::: DATA BELOW
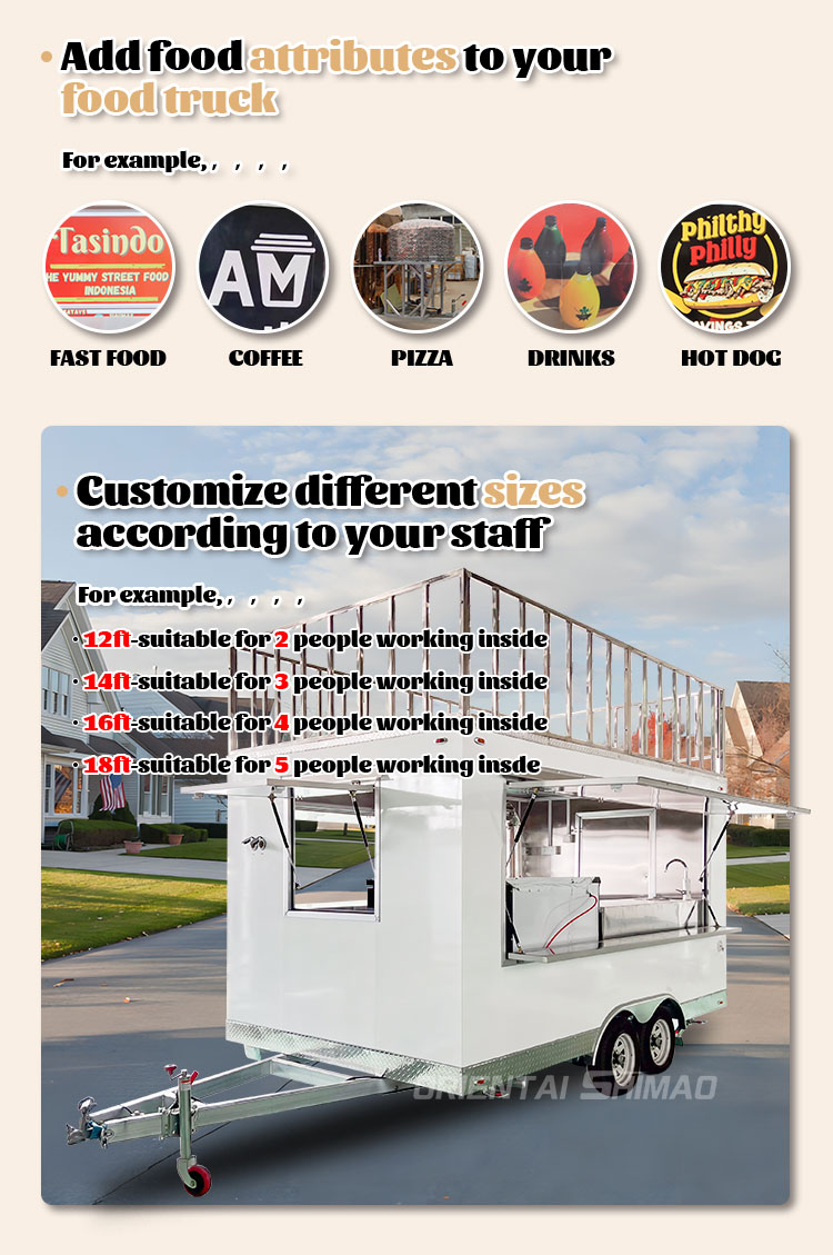 การปรับแต่งขนาด: นอกเหนือจากขอบเขตแบบเดิมๆ เราทำลายกรอบขนาดของรถขายอาหารทั่วไป และมอบความเป็นไปได้ที่ไม่จำกัดของโซลูชันการปรับแต่งขนาดให้กับคุณ ไม่ว่าคุณกำลังมองหา Food Truck ขนาดเล็กที่เล็กกระทัดรัด เดินทางสะดวก ในตรอกซอกซอยในเมือง หรือร้านอาหารเคลื่อนที่สุดหรูที่ต้องการพื้นที่กว้างขวางเพื่อรองรับลูกค้าและอุปกรณ์ได้มากขึ้น เราก็สามารถวัดผลได้อย่างแม่นยำและออกแบบอย่างรอบคอบตามความต้องการเฉพาะของคุณ เพื่อสร้างขนาด Food Truck ที่ตรงกับความต้องการที่แท้จริงและเต็มไปด้วยความคิดสร้างสรรค์
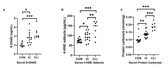 Levels of oxidative stress markers. Levels of markers of DNA, lipid, and protein oxidation were measured in the sera of patients with intermittent claudication (IC), critical limb ischemia (CLI), and non-PAD controls. (A), levels of 8-Oxo-2′-deoxyguanosine (8-OHdG); (B), levels of 4-hydroxynonenal (4-HNE); (C), levels of protein carbonyls. Bars indicate median, and p values were calculated by ANCOVA test. * represents p < 0.05, ** represents p < 0.01, *** represents p < 0.0001.
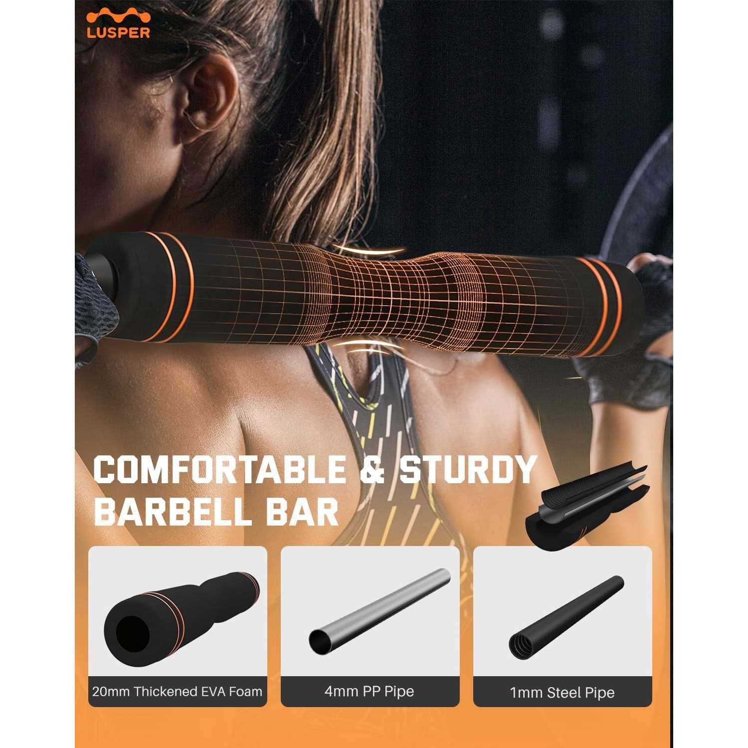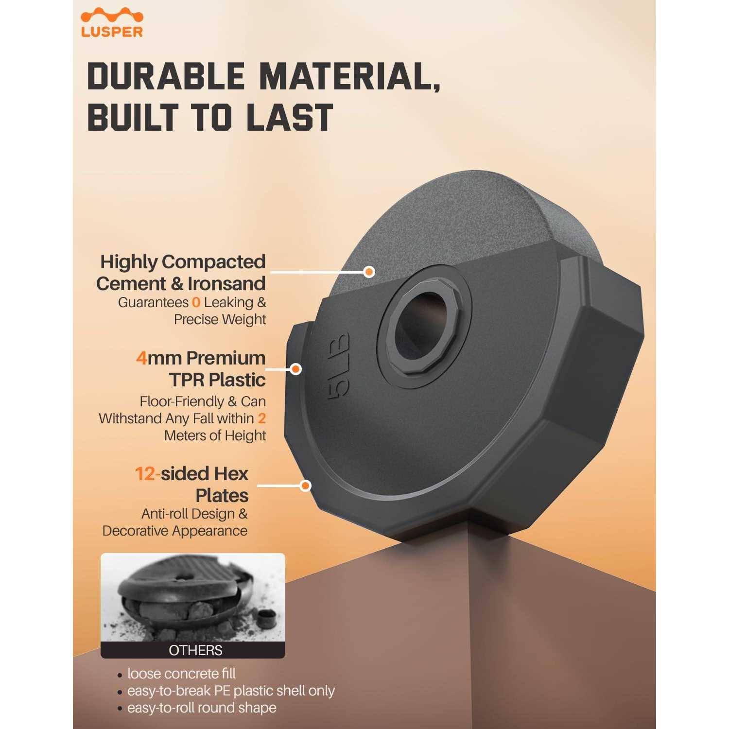 【3 Modes in 1 Set】Lusper Adjustable Weight Set allows you to switch the weights into 3 modes according to your needs: 1) Dumbbells are great for targeted muscle training and improving coordination and balance. 2) Barbell provides higher load and stability for overall strength training and posture control. 3) Kettlebell combines strength, endurance, and explosiveness for cardio and flexibility training. [WEIGHT RANGE]: Dumbbell 6.5lbs-32lbs, Barbell 8lbs-44lbs, Kettlebell 3.5lbs-16lbs. 【Upgraded Spinlock Collars, Safety Guaranteed】The anti-slip tightening collar ensures a safe and secure fit to the dumbbell or barbell bar. No worries with it loosening or plates sliding/falling. Smooth contoured finger tip grips ensure quick and easy mode switching. 【Highly Compacted & Built to Last】The core of the weight plate is concrete mixed with cement and ironsand, which guarantees zero leaking and true weight. Coated with premium quality plastic, the plate does not break with any fall within 2 meters of height. Safe and secure; sound proof & flooring protective. 【12-Sided Hex Plates, Secure & Sleek Design】The anti-roll hex plates in the Adjustable Dumbbell Set are specially designed to keep your workouts safe and efficient. The Adjustable Weights boasts its nice-feel texture and a sleek black & gray design that naturally blends into any home gym style. 【Ergonomically Designed for Optimal Comfort】The PP material coasted steel dumbbell handle designed with anti-slip texture to provides you a comfortable & secure grip. The 20 mm thickened barbell connector is ergonomically designed to have a curvy shape that fits your neck perfectly for increased comfort. Rubber kettlebell handle delivers exceptional control and is slip resistant even with sweaty hands. 【Suitable for Home Gym & More Weight Options】The space-saving and easy-to-assemble features make Lusper versatile weight set a perfect match for your home gym. What you can get from the Set: Weight Plates 2.75 lbs *8, Weight Plates 5 lbs *4, Dumbbell Handles *2, Barbell Conncector *1, Kettlebell Handle *1, Kettlebell Base Rod *1,Spinlock Collars *6, Workout Guide *1.
::::::
### TASK OBJECTIVE
Restate the data word for word, minus any images.

### RESULT FOR THIS EXERCISE
 การปรับแต่งขนาด: นอกเหนือจากขอบเขตแบบเดิมๆ เราทำลายกรอบขนาดของรถขายอาหารทั่วไป และมอบความเป็นไปได้ที่ไม่จำกัดของโซลูชันการปรับแต่งขนาดให้กับคุณ ไม่ว่าคุณกำลังมองหา Food Truck ขนาดเล็กที่เล็กกระทัดรัด เดินทางสะดวก ในตรอกซอกซอยในเมือง หรือร้านอาหารเคลื่อนที่สุดหรูที่ต้องการพื้นที่กว้างขวางเพื่อรองรับลูกค้าและอุปกรณ์ได้มากขึ้น เราก็สามารถวัดผลได้อย่างแม่นยำและออกแบบอย่างรอบคอบตามความต้องการเฉพาะของคุณ เพื่อสร้างขนาด Food Truck ที่ตรงกับความต้องการที่แท้จริงและเต็มไปด้วยความคิดสร้างสรรค์
 Levels of oxidative stress markers. Levels of markers of DNA, lipid, and protein oxidation were measured in the sera of patients with intermittent claudication (IC), critical limb ischemia (CLI), and non-PAD controls. (A), levels of 8-Oxo-2′-deoxyguanosine (8-OHdG); (B), levels of 4-hydroxynonenal (4-HNE); (C), levels of protein carbonyls. Bars indicate median, and p values were calculated by ANCOVA test. * represents p < 0.05, ** represents p < 0.01, *** represents p < 0.0001.
 【3 Modes in 1 Set】Lusper Adjustable Weight Set allows you to switch the weights into 3 modes according to your needs: 1) Dumbbells are great for targeted muscle training and improving coordination and balance. 2) Barbell provides higher load and stability for overall strength training and posture control. 3) Kettlebell combines strength, endurance, and explosiveness for cardio and flexibility training. [WEIGHT RANGE]: Dumbbell 6.5lbs-32lbs, Barbell 8lbs-44lbs, Kettlebell 3.5lbs-16lbs. 【Upgraded Spinlock Collars, Safety Guaranteed】The anti-slip tightening collar ensures a safe and secure fit to the dumbbell or barbell bar. No worries with it loosening or plates sliding/falling. Smooth contoured finger tip grips ensure quick and easy mode switching. 【Highly Compacted & Built to Last】The core of the weight plate is concrete mixed with cement and ironsand, which guarantees zero leaking and true weight. Coated with premium quality plastic, the plate does not break with any fall within 2 meters of height. Safe and secure; sound proof & flooring protective. 【12-Sided Hex Plates, Secure & Sleek Design】The anti-roll hex plates in the Adjustable Dumbbell Set are specially designed to keep your workouts safe and efficient. The Adjustable Weights boasts its nice-feel texture and a sleek black & gray design that naturally blends into any home gym style. 【Ergonomically Designed for Optimal Comfort】The PP material coasted steel dumbbell handle designed with anti-slip texture to provides you a comfortable & secure grip. The 20 mm thickened barbell connector is ergonomically designed to have a curvy shape that fits your neck perfectly for increased comfort. Rubber kettlebell handle delivers exceptional control and is slip resistant even with sweaty hands. 【Suitable for Home Gym & More Weight Options】The space-saving and easy-to-assemble features make Lusper versatile weight set a perfect match for your home gym. What you can get from the Set: Weight Plates 2.75 lbs *8, Weight Plates 5 lbs *4, Dumbbell Handles *2, Barbell Conncector *1, Kettlebell Handle *1, Kettlebell Base Rod *1,Spinlock Collars *6, Workout Guide *1.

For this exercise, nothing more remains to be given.